I noticed that every time an API call is made by one of the applications (once every 3 seconds), a new entry is added to django_session table. Looking closely at this table and the code, I can see that all entries to a specific URL are given the same session_data value but a different session_key. This is probably because Django determines that when one of these calls is made from a cookie-less application, the request.session._session_key is None.

The result of this is that thousands of entries are created every day in django_session table and simply running ./manage clearsessions using a daily cron will not remove them from this table, making whole database quite large for no obvious benefit. Note that I even tried set_expiry(1) for these requests, but ./manage clearsessions still doesn't get rid of them.

To overcome this problem through Django, I've had to override 3 Django middlewares as I'm using SessionMiddleware, AuthenticationMiddleware and MessageMiddleware:

from django.contrib.sessions.middleware import SessionMiddleware
from django.contrib.auth.middleware import AuthenticationMiddleware
from django.contrib.messages.middleware import MessageMiddleware

class MySessionMiddleware(SessionMiddleware):
    def process_request(self, request):
        if ignore_these_requests(request):
            return
        super(MySessionMiddleware, self).process_request(request)

    def process_response(self, request, response):
        if ignore_these_requests(request):
            return response
        return super(MySessionMiddleware, self).process_response(request, response)

class MyAuthenticationMiddleware(AuthenticationMiddleware):
    def process_request(self, request):
        if ignore_these_requests(request):
            return
        super(MyAuthenticationMiddleware, self).process_request(request)

class MyMessageMiddleware(MessageMiddleware):
    def process_request(self, request):
        if ignore_these_requests(request):
            return
        super(MyMessageMiddleware, self).process_request(request)

def ignore_these_requests(request):
    if request.POST and request.path.startswith('/api/url1/'):
            return True
    elif request.path.startswith('/api/url2/'):
        return True
    return False

Although the above works, I can't stop thinking that I may have made this more complex that it really is and that this is not the most efficient approach as 4 extra checks are made for every single request.

Are there any better ways to do the above in Django?
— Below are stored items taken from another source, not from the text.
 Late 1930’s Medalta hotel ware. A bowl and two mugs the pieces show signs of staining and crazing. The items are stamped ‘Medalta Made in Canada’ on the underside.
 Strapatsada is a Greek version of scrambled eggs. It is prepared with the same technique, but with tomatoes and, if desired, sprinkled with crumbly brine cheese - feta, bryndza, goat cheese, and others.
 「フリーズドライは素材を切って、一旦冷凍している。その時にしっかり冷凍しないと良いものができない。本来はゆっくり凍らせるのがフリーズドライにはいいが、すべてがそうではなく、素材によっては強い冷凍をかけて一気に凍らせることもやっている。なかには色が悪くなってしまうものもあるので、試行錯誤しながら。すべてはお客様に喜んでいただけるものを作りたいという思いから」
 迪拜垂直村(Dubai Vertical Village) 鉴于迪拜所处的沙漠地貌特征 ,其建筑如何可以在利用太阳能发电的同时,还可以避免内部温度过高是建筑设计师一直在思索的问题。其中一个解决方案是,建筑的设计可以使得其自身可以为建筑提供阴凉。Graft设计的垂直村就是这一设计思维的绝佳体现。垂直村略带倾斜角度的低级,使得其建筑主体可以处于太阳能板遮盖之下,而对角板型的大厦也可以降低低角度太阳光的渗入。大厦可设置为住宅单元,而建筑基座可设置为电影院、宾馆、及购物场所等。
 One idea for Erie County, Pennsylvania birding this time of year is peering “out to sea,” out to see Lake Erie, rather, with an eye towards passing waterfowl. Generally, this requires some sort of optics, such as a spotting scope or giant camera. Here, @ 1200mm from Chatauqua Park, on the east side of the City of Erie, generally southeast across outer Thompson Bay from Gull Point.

Any suggestions would be greatly appreciated.


Solution

  • Dirty hack: removing session object conditionally.

    One approach would be including a single middleware discarding the session object conditional to the request. It's a bit of a dirty hack for two reasons:

    • The Session object is created at first and removed later. (inefficient)
    • You're relying on the fact that the Session object isn't written to the database yet at that point. This may change in future Django versions (though not very likely).

    Create a custom middleware:

    class DiscardSessionForAPIMiddleware(object):
    
        def process_request(self, request):
            if request.path.startswith("/api/"): # Or any other condition
                del request.session
    

    Make sure you install this after the django.contrib.sessions.middleware.SessionMiddleware in the MIDDLEWARE_CLASSES tuple in your settings.py.
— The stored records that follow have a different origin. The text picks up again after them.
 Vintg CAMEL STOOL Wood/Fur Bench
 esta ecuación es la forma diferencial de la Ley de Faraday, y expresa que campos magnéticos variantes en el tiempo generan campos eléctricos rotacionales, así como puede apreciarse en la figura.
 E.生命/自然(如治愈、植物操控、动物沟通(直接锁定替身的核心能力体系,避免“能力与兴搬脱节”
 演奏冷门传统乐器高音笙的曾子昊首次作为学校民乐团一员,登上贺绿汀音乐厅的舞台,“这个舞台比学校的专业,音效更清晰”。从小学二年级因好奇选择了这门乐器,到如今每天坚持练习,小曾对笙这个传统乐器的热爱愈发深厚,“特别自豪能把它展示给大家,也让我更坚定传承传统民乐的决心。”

    Also check that settings.SESSION_SAVE_EVERY_REQUEST is set to False (the default). This makes it delay the write to the database until the data is modified.


    Alternatives (untested)

    • Use process_view instead of process_request in the custom middleware so you can check for the view instead of the request path. Advantage: condition check is better. Disadvantage: other middleware might already have done something with the session object and then this approach fails.
    • Create a custom decorator (or a shared base class) for your API views deleting the session object in there. Advantage: responsibility for doing this will be with the views, the place where you probably like it best (view providing the API). Disadvantage: same as above, but deleting the session object in an even later stage.